Defendant Lehman Awning Company appeals a judgment of the Court of Common Pleas of Stark County, Ohio, entered on a jury verdict finding defendant was liable to plaintiffs Charles and Shelley Catalfamo for personal injuries suffered by Charles Catalfamo while using a truck tarping system appellant provided to appellee's employer.

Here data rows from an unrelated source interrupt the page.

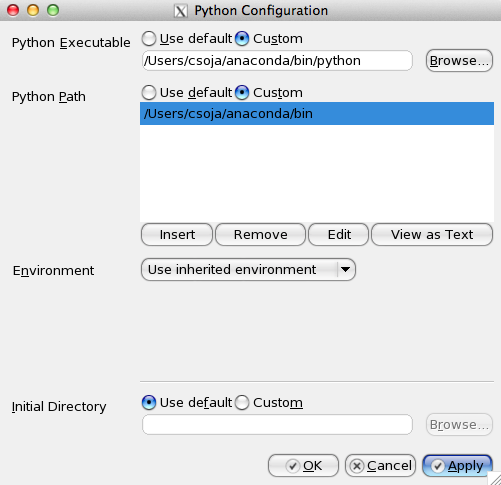 - Click the Browse button and navigate to your Anaconda Python interpreter path.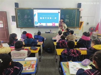为做好学生的“收心”工作,开学当日,该校各班还以“龙行龘龘启新程 前程朤朤谱新篇”为主题,开展了形式多样、丰富精彩的“开学第一课”,如,有的班级进行了寒假特色作业的展评活动;有的班级从“心”出发”关注学生的心理健康;有的班级“以梦为马 不负韶华”;有的班级开展了“安全教育最先行”主题班会……在老师的帮助下,孩子们再次踏上新征程,踏响青春豪迈的步伐,一起走进繁花似锦、美好无限的春天。 (通讯员余婷)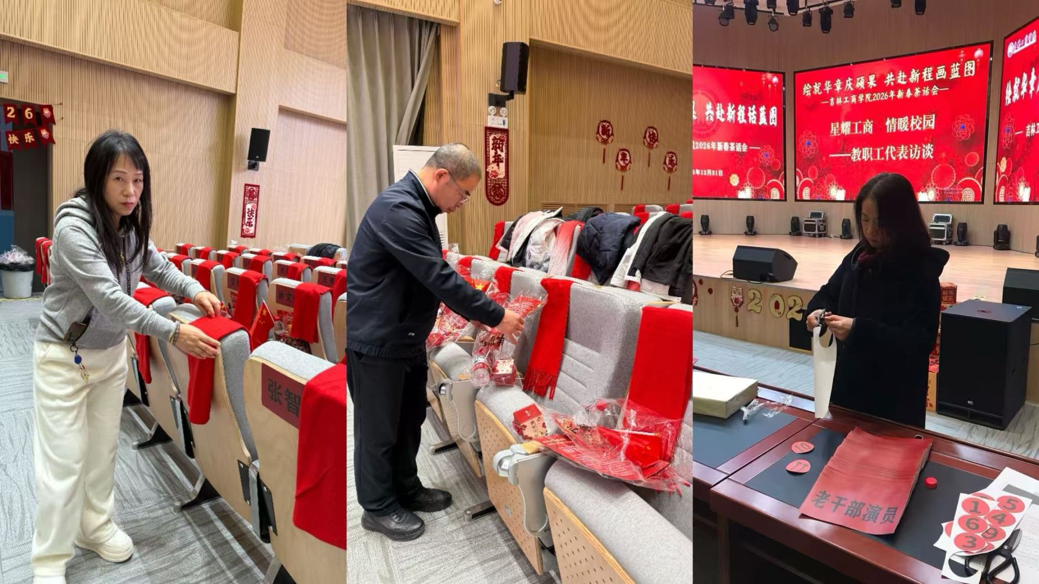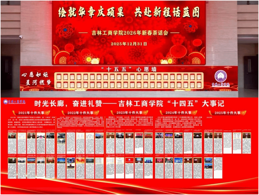 自茶话会筹备工作启动以来,工会第一时间牵头拟定详细活动方案,从主题确定、流程设计,到参会人员统筹、直播渠道搭建,每一个环节都反复推敲、精益求精,确保活动流程规范有序、内容丰富饱满。围绕“绘就华章庆硕果,共赴新程话蓝图”的核心主题,工会工作人员定制时光长廊,奋进礼赞——吉林工商学院“十四五”大事记主题展板和“十五五”心愿墙,将学校“十四五”期间的发展硕果和师生对“十五五”的殷切期盼与美好寄语融入设计,既彰显了校园文化底蕴,又传递出新春喜庆氛围。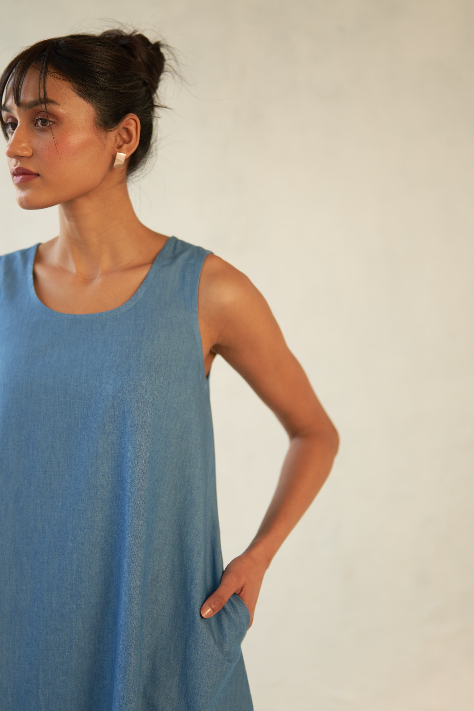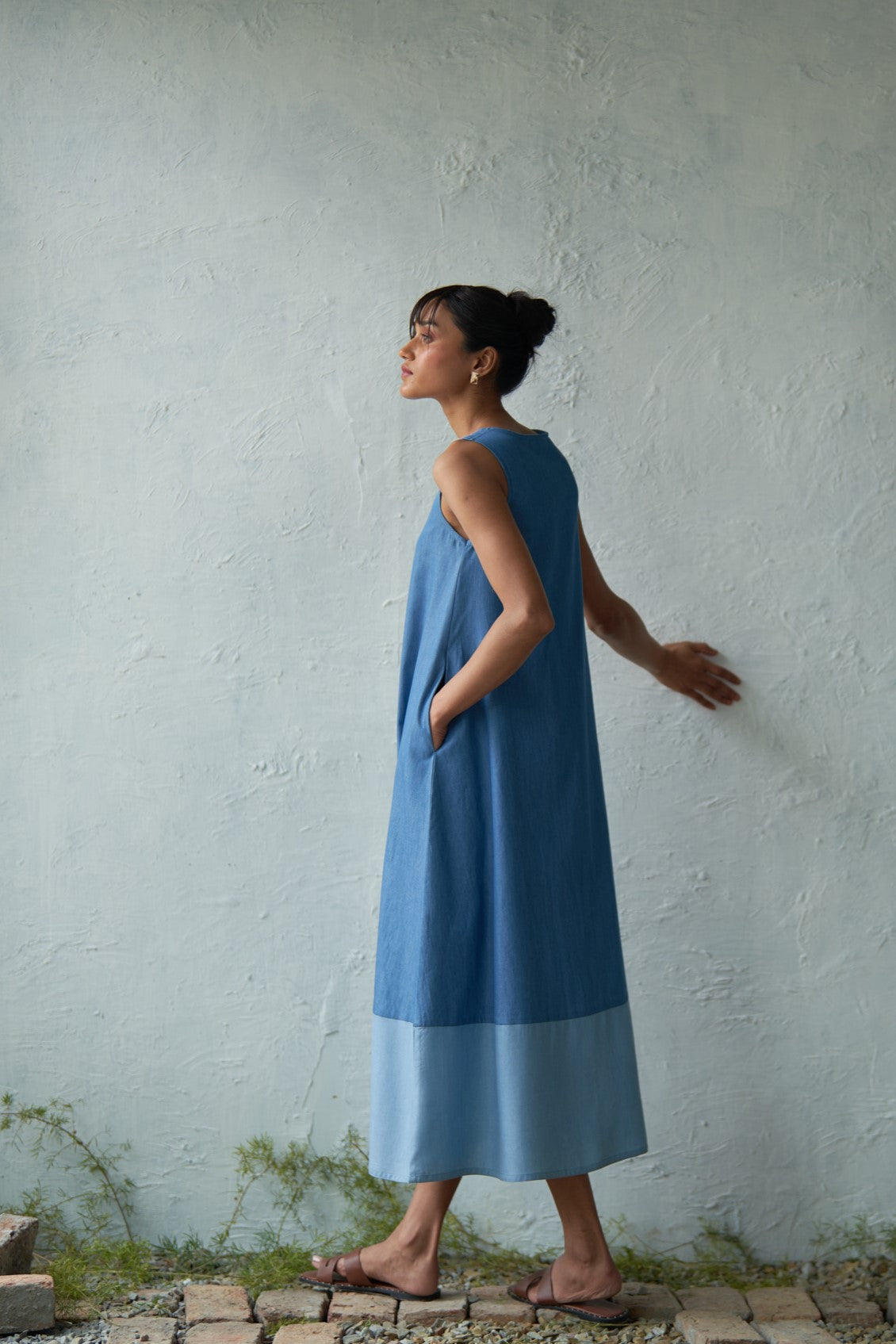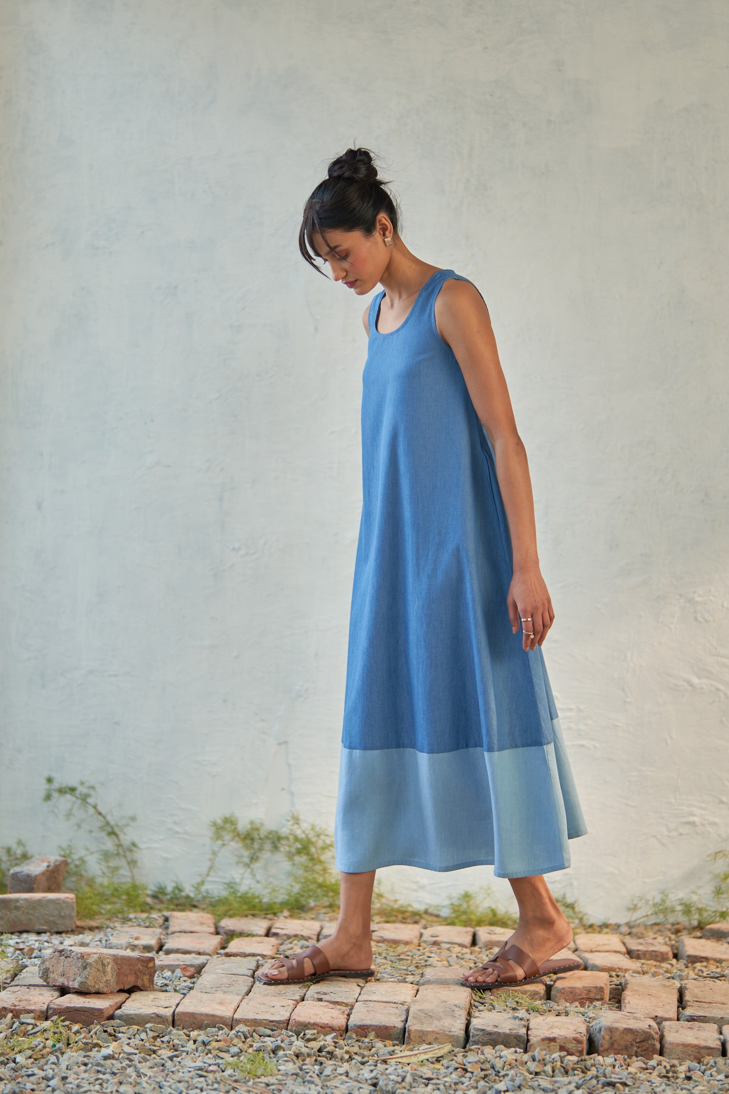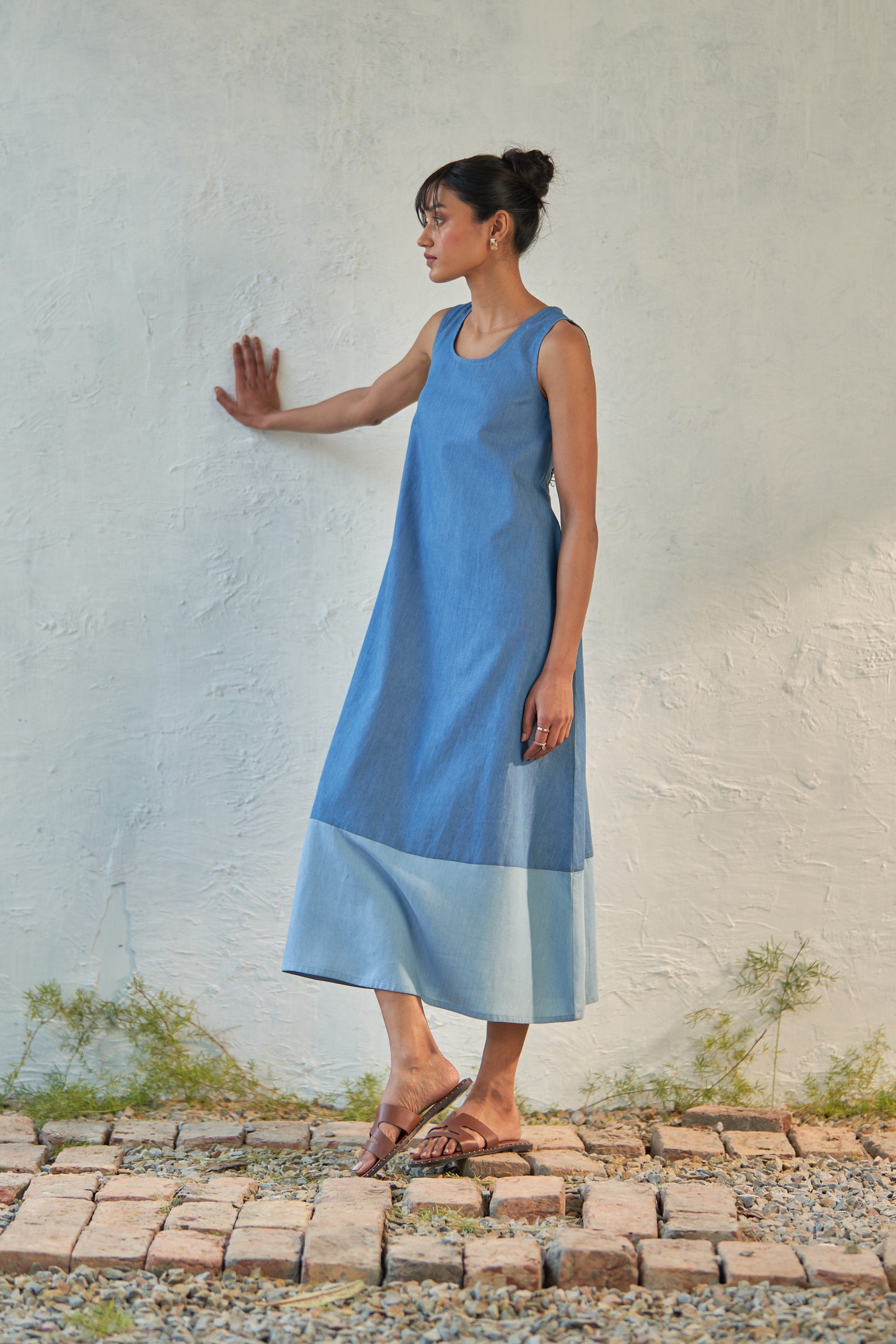 This dual-toned dress is crafted from soft denim fabric, designed to gently fall through the frame with a scoop neck and a curved hem. Sleeveless with a voluminous flare, it allows you to sway swiftly from morning to evening. Add it to your collection of no-brainer outfits.
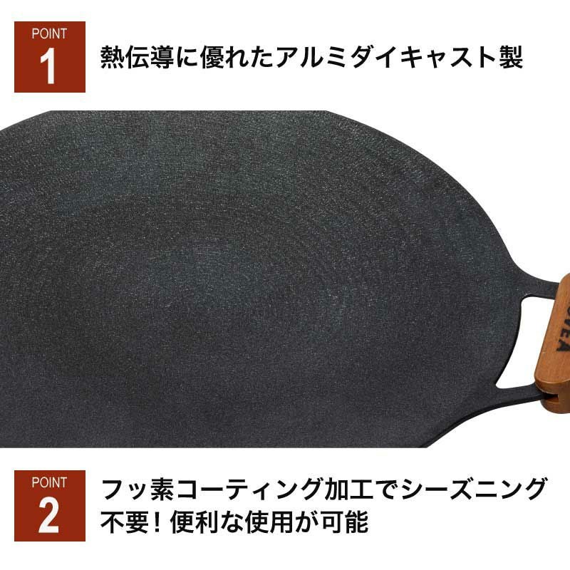 熱伝導に優れたアルミダイキャスト製で軽く、フッ素樹脂コーティングを施し、シーズニングなしで便利な使用が可能です。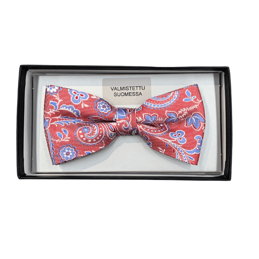 Punasinisävyinen rusetti miehille Matexilta. Miesten paisley-kuosillinen juhlarusetti monenlaisiin, iloisiin juhliin.

Appellant assigns three errors to the trial court:
                          ASSIGNMENTS OF ERROR                        ASSIGNMENT OF ERROR NO. 1
DENIAL OF LEHMAN AWNING COMPANY'S MOTIONS FOR NEW TRIAL, JUDGMENT NOTWITHSTANDING THE VERDICT, DIRECTED VERDICT AND SUMMARY JUDGMENT CONSTITUTES REVERSIBLE ERROR BECAUSE PLAINTIFFS FAILED TO PROVE A DESIGN DEFECT AND ADMITTED THERE WAS NOT ONE.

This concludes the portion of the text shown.